::: SOURCE MATERIAL

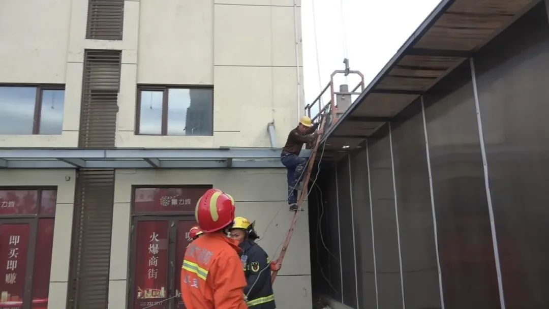 17時(shí)16分,包頭市消防救援支隊(duì)健康路消防站接到指揮中心派警后,立即出動(dòng)2輛消防車、10名消防隊(duì)員火速趕到現(xiàn)場(chǎng)。消防隊(duì)員觀察發(fā)現(xiàn),一名負(fù)責(zé)粉刷大樓外墻的工人被困在公寓外7-8樓之間吊籃中,大顆大顆的冰雹打在他身上,升降機(jī)器鋼絲繩在風(fēng)雨中被纏繞在一起,吊籃無(wú)法升降。由于天氣惡劣,風(fēng)速很大,情況十分危險(xiǎn)。
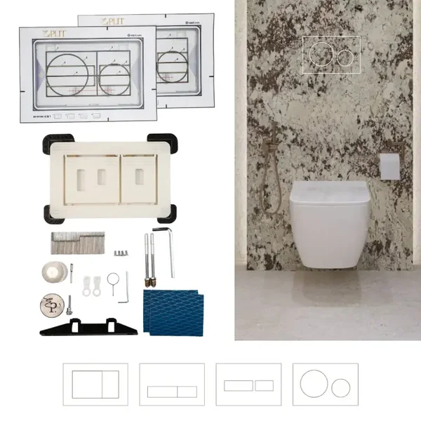 A mechanical system for installing a fully invisible flush button behind the tile. The set includes the flush mechanism, adjustment tools, all components required for installation and consumables for cutting.
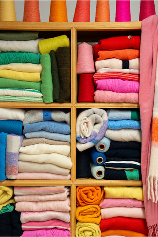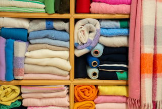 If possible, a sealed plastic tub is a good option as you can prevent moths from entering and eating your knits. We like to loosely roll our knits and try not to overfill the box to avoid stubborn creases.
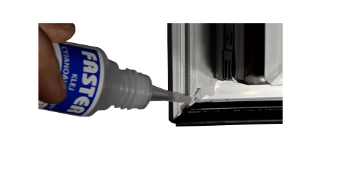 Uszczelkę w narożach przycinamy pod kątem 45 stopni i łączymy ze sobą. Do połączenie używamy kleju FASTER. Kilka kropel klej FASTER wciskamy do rowka montażowego w narożu i łączymy dwie uszczelki. Teraz uszczelka jest poprawnie zamontowana. Taki montaż uszczelki pozwala uzyskać najlepsze doszczelnienie w narożu (w przeciwieństwie do zawijania uszczelki w narożu). Dzięki temu również pod wpływem zmiennej temperatury uszczelka kurcząc się i rozciągając nie będzie tworzyła miejsc w których może przewiewać.

::::::

__ASSIGNMENT__: Could you please return each line of the material exactly, dropping the pictures?

__WRITTEN ANSWER__:
 17時(shí)16分,包頭市消防救援支隊(duì)健康路消防站接到指揮中心派警后,立即出動(dòng)2輛消防車、10名消防隊(duì)員火速趕到現(xiàn)場(chǎng)。消防隊(duì)員觀察發(fā)現(xiàn),一名負(fù)責(zé)粉刷大樓外墻的工人被困在公寓外7-8樓之間吊籃中,大顆大顆的冰雹打在他身上,升降機(jī)器鋼絲繩在風(fēng)雨中被纏繞在一起,吊籃無(wú)法升降。由于天氣惡劣,風(fēng)速很大,情況十分危險(xiǎn)。
 A mechanical system for installing a fully invisible flush button behind the tile. The set includes the flush mechanism, adjustment tools, all components required for installation and consumables for cutting.
 If possible, a sealed plastic tub is a good option as you can prevent moths from entering and eating your knits. We like to loosely roll our knits and try not to overfill the box to avoid stubborn creases.
 Uszczelkę w narożach przycinamy pod kątem 45 stopni i łączymy ze sobą. Do połączenie używamy kleju FASTER. Kilka kropel klej FASTER wciskamy do rowka montażowego w narożu i łączymy dwie uszczelki. Teraz uszczelka jest poprawnie zamontowana. Taki montaż uszczelki pozwala uzyskać najlepsze doszczelnienie w narożu (w przeciwieństwie do zawijania uszczelki w narożu). Dzięki temu również pod wpływem zmiennej temperatury uszczelka kurcząc się i rozciągając nie będzie tworzyła miejsc w których może przewiewać.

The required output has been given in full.